Un logiciel tout-en-un n’existe pas vraiment. Ce qu’on appelle “tout-en-un”, c’est un outil qui fait beaucoup de choses à moitié. Et vouloir centraliser tous tes process dans un seul endroit, c’est rarement une décision rationnelle. C’est une question de contrôle.
Le raisonnement qui semble logique#
Voilà comment ça se passe chez la plupart des dirigeants.
Tu as un logiciel métier. Il fait bien son travail sur le cœur de ton activité. Tu veux ajouter des fonctionnalités : des automatisations, un meilleur suivi, des tableaux de bord. Et là, une contrainte tombe : “faut que ça reste dans notre logiciel actuel. Sinon, on devra former les équipes sur de nouveaux outils. Et les utilisateurs n’aiment pas ça.”
C’est le raisonnement de 9 dirigeants sur 10. C’est faux.
Ce que font vraiment tes équipes#
Avant de valider cette contrainte chez un client, j’ai demandé à son équipe de me décrire leur journée type.
Logiciel métier. Excel. Canva. L’éditeur PDF. Outlook. Le site web du fournisseur. Un écran façon AS400 pour un outil historique.
Sept outils. Utilisés tous les jours. Sans friction, sans formation, sans plainte.
Tes utilisateurs switchent déjà entre des outils. Ils le font naturellement, depuis des années, sans que tu leur aies rien demandé. La vraie question, ce n’est pas “combien d’outils”. C’est “est-ce que ces outils sont bons pour ce qu’ils font ?”
Regarde leur smartphone#
Pose cette question à tes équipes : tu as combien d’applis sur ton téléphone ?
20 à 30 en moyenne. Et lesquelles tu utilises vraiment ? Pratiquement toutes.
Instagram, WhatsApp, LinkedIn, Gmail, Maps. Ils passent de l’une à l’autre sans jamais se plaindre de “trop d’outils”. Personne ne réclame une appli qui fait tout. Parce que ça n’existe pas, et parce que l’idée est absurde dès qu’on la pose clairement.
En entreprise, c’est pareil.
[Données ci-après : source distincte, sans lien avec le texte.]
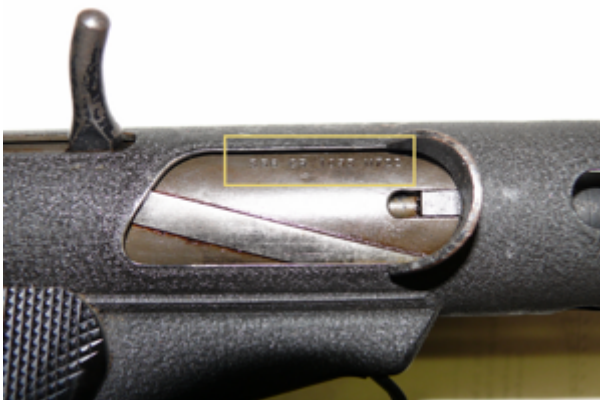
Sterling MP L2A3
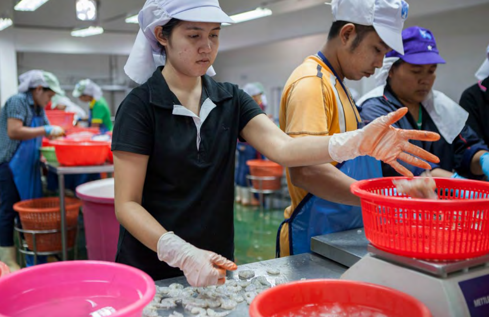
Removing heads, guts and shells: the labour-intensive jobs are done usually in small facilities

break times are not adhered to, many work night shifts from six o'clock in the evening to six o'clock in the morning and most of the children do not attend school (Tang 2013: 33).
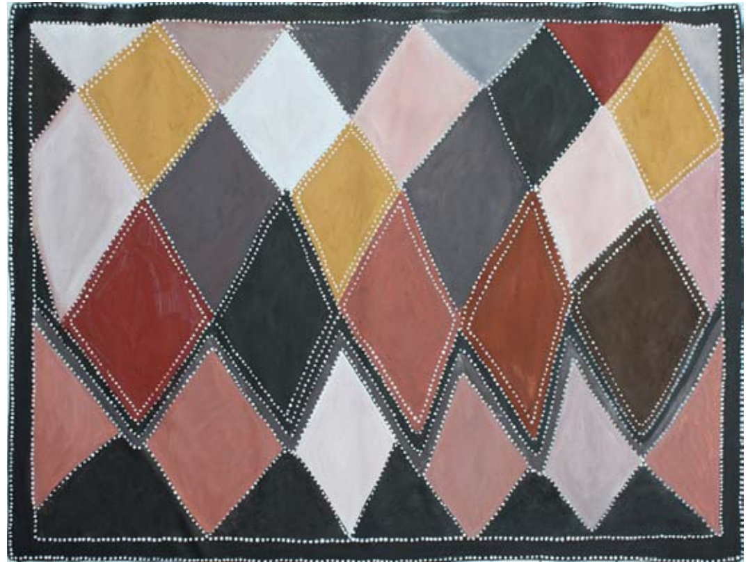
AM 8068/11 Queenie McKenzie Hills of Texas Downs 1995 Natural ochre & pigment on linen 1520 x 2000mm $75000

Bishop Jobst from Broome. Holy Spirit corroboree. Baby Jesus in the shade and God with beard. Hills of Texas Station top. Painted at the Warmun pensioners unit.
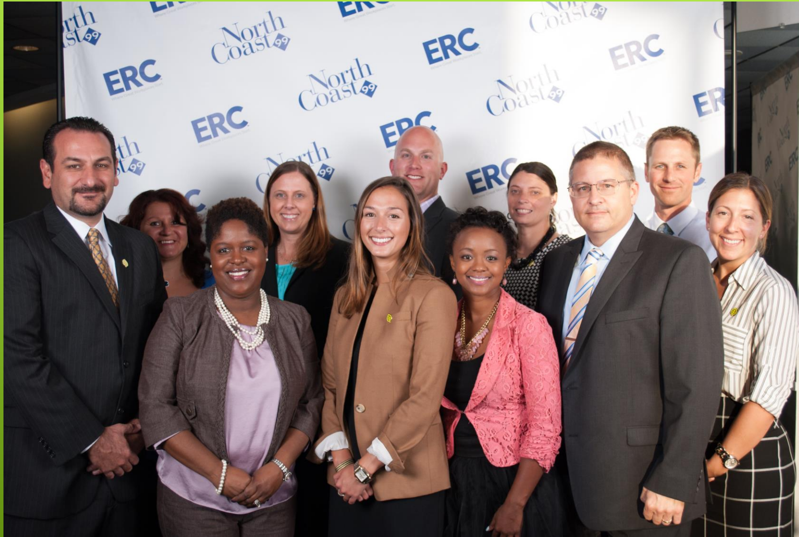
AWARDS DINNER AT LANDERHAVEN SEPTEMBER 24, 2015
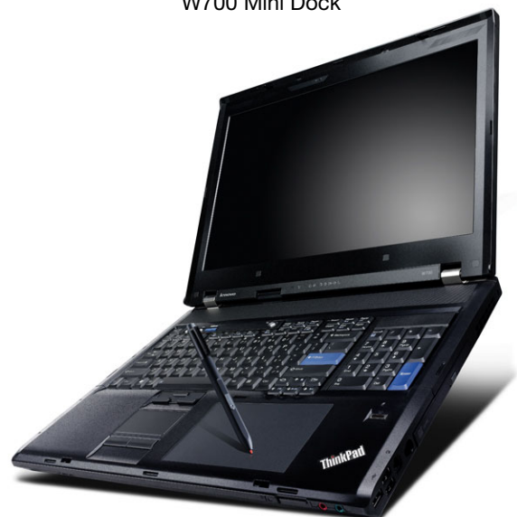
Lenovo ThinkPad W700
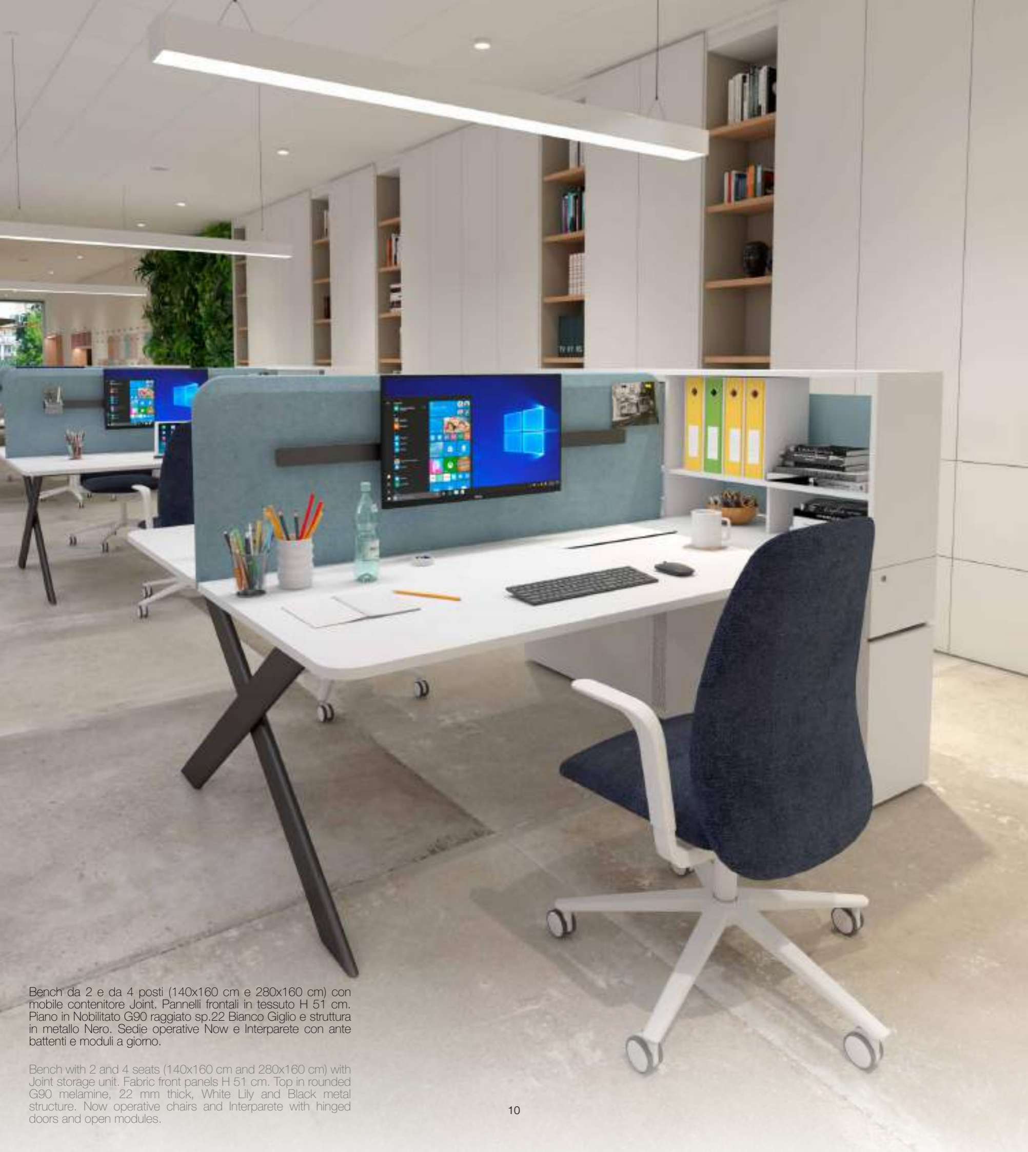
Bench da 2 e da 4 posti (140x160 cm e 280x160 cm) con mobile contenitore Joint. Pannelli frontali in tessuto H 51 cm. Piano in Nobilitato G90 raggato sp.22 Bianco Giglio e struttura in metallo Nero. Sedie operative Now e Interparete con ante battenti e moduli a giorno.
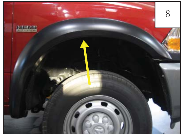
Hold flare to vehicle and start the kit supplied #8x3/4" Washer Panhead Screws with a Phillips screwdriver. Do not tighten.
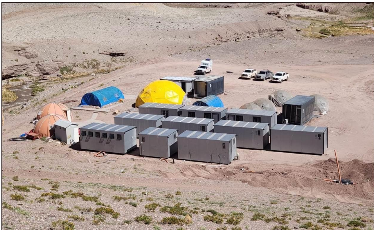
Figure 5 - TMT Camp is now ready for 55 persons fully furnished.
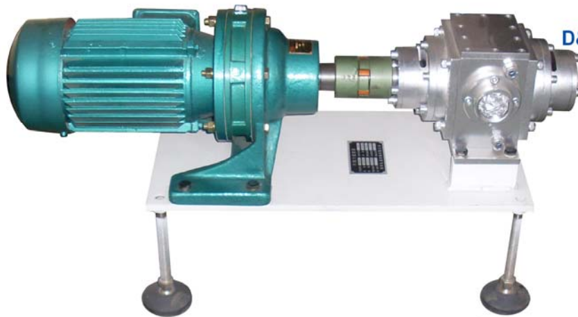
DR-SJB30Y chocolate pump
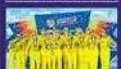
2023/24 in SA - AUS Women
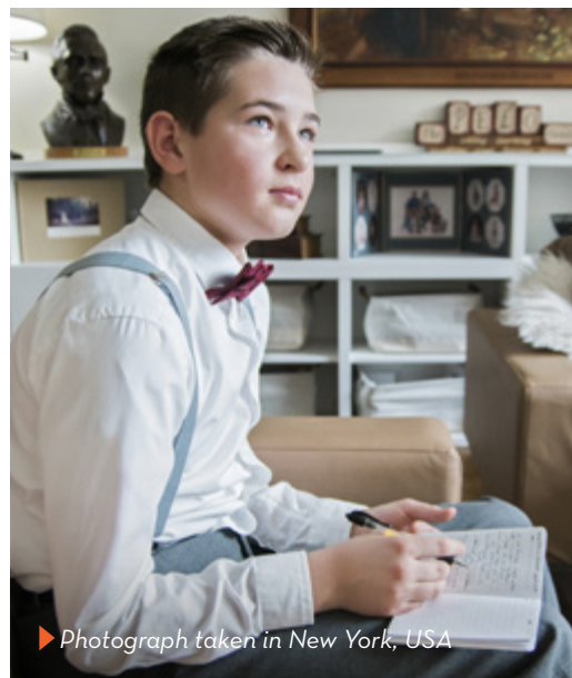
▶ Photograph taken in New York, USA
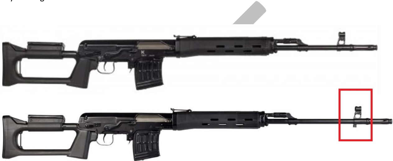
Above: A Tigr vers 1 (mod 2). 95

The Tigr, sometimes designated as “Tiger” in export markets, is the civilian variant of the SVD “Dragunov” DMR, manufactured by Kalashnikov Concern. The SVD and the Tigr differ mainly by the length of the barrel, the rifling twist rate, and by the absence of a bayonet lug under the front sights in the civilian variant. 93 Sudan manufactures its own version of the SVD, known as the ADY02 or Mokhtar-1, with the bayonet lug. 94
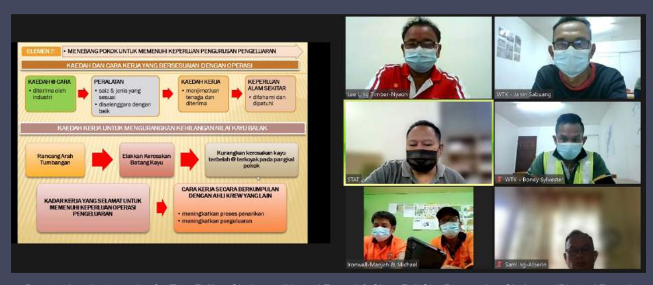
Day two breakout session for Tree Felling-Chainsaw (Natural Forest) & Clear-Fell Site Preparation-Chainsaw (Planted Forest)

STA member companies who wish to nominate their in-house trainers to undergo the online revision session can submit names to STAT for arrangement.
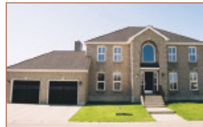
204 Christie Knoll Point SW $650,000 CHRISTIE ESTATES, RENOVATED

Backing into the wooded greenbelt adjacent to Griffiths Woods Environmental Reserve! This stylish hillside bungalow offers a fully developed walkout basement with a total of over 2700 sq. ft. of contemporary living space. Like the centre spread in a home & garden Magazine, this property shows beautifully. Features 10' high ceilings, floor to ceiling windows to bring the outdoors inside, smooth stone & berber carpeted floors, sleek maple cabinetry, granite countertops, ceramic tile vanity tops and stainless steel appliances.
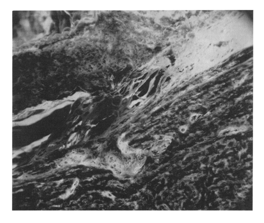
Figure 1—Sagittal section of a 32-monthold beagle with glaucoma. The iridocorneal angle and sclerociliary cleft are open and the trabecular meshwork is normally developed. (SEM, ×131)

ocular pressure, eg, pilocarpine, epinephrine, dipivalyl epinephrine, acetazolamide, ethoxzolamide, methazolamide, and dichlorphenamide.<sup>13-16</sup> Intraocular pressure in these affected dogs decreased to a greater extent in both mm Hg and percentage of drop than normal dogs. Water loading also produces abrupt elevations in intraocular pressure of a greater magnitude and a longer period of time than in normal control Beagles.<sup>17</sup> Serum cortisol in beagles with
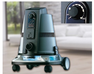
Operating element for a vacuum cleaner
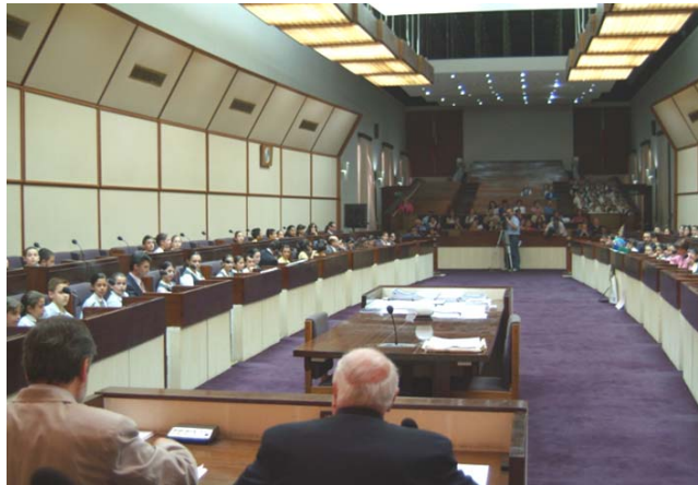
General view of the EkoSkola Parliamentary session

“Parliament should have more sessions like this one. For once I attentively listened through everything that was being presented during the debate.”
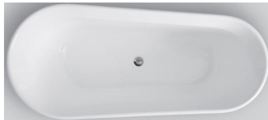
ON 1580/700 M (ill. without overflow)

Manufactured in vacuum - thermoforming process on Aluminum tools. Strengthened with glass fiber reinforced plastic. Manufactured according to DIN EN 198. Laminated floorboard of 12 mm to accommodate the Foot system. Installation with pre-mounted tub feet Floor drain central. Optional with or without overflow. Please note the structural peculiarity of the free-standing bathtubs! (installation instructions) Colors available: black or white
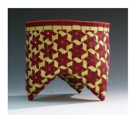
Mint Chocolate - 6 x 7 x 7" Watercolor paper, acrylic paint – Mad Weave
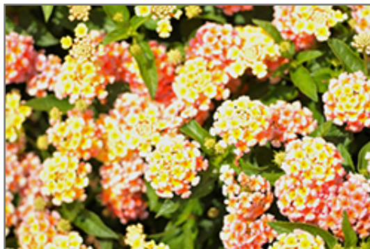
Lucky Peach Lantana flowers

Lucky Peach Lantana is recommended for the following landscape applications;

Selon le rapport annuel Business at Work d’Okta, les organisations utilisent en moyenne plusieurs dizaines d’applications SaaS. Ce chiffre ne descend pas. Ce n’est pas un problème. C’est la réalité du travail moderne.
Pourtant, au bureau, le même utilisateur qui jongle entre 30 applis sur son téléphone te dit qu’il ne veut pas apprendre un nouvel outil.
C’est pas un problème d’outils. C’est un problème de perception. Et souvent, c’est la tienne, pas la sienne.
Le vrai problème derrière cette contrainte#
Vouloir tout dans un seul logiciel, c’est ton ego qui croit qu’avec ça, tu contrôles ton entreprise.
“Tout au même endroit” donne une impression de maîtrise. Mais c’est une illusion. Un outil qui fait tout, il fait tout moyennement. Il évolue lentement parce que son éditeur doit arbitrer entre 40 fonctions en même temps. Et si un jour il ne te convient plus, t’es coincé. Tout est dedans, tout doit être migré en même temps.
C’est le raisonnement inverse qui fait vraiment avancer. Pourquoi est-ce que tes équipes ont adopté Excel, Canva et l’éditeur PDF sans que tu leur demandes ? Parce que ces outils répondaient à un besoin précis, immédiatement, sans friction. Ils n’attendaient pas que ton logiciel métier développe la fonctionnalité.
À côté, des outils spécialisés bien connectés font chacun une chose vraiment bien. Et quand un besoin évolue, tu changes juste le bloc concerné. Pas tout le système.
Ce que ça donne en pratique#

La bonne configuration, c’est un outil central entouré de satellites.
Ton logiciel métier fait le cœur de ton activité. Des outils spécialisés gravitent autour : automatisations, reporting, communication, signature de documents. Ils se connectent au logiciel principal. L’utilisateur voit le résultat sans sortir de son contexte de travail.
Résultat : plus de flexibilité, des évolutions rapides, des équipes plus productives. Sans refonte complète, sans formation de 3 jours.
C’est ce que je mets en place quand j’accompagne un client sur le choix et l’intégration de ses outils. On part de ce qui existe, on identifie ce qui manque, et on ajoute les bons satellites. Sans tout casser.
Si tu te demandes comment choisir un logiciel de gestion ou si tu es en train de te battre avec Excel utilisé comme outil de gestion, la démarche est la même : le problème ce n’est jamais l’outil. C’est la façon dont tu poses le besoin.
Tes équipes jonglent déjà entre 7 outils. Elles attendent juste que tu leur en donnes des meilleurs.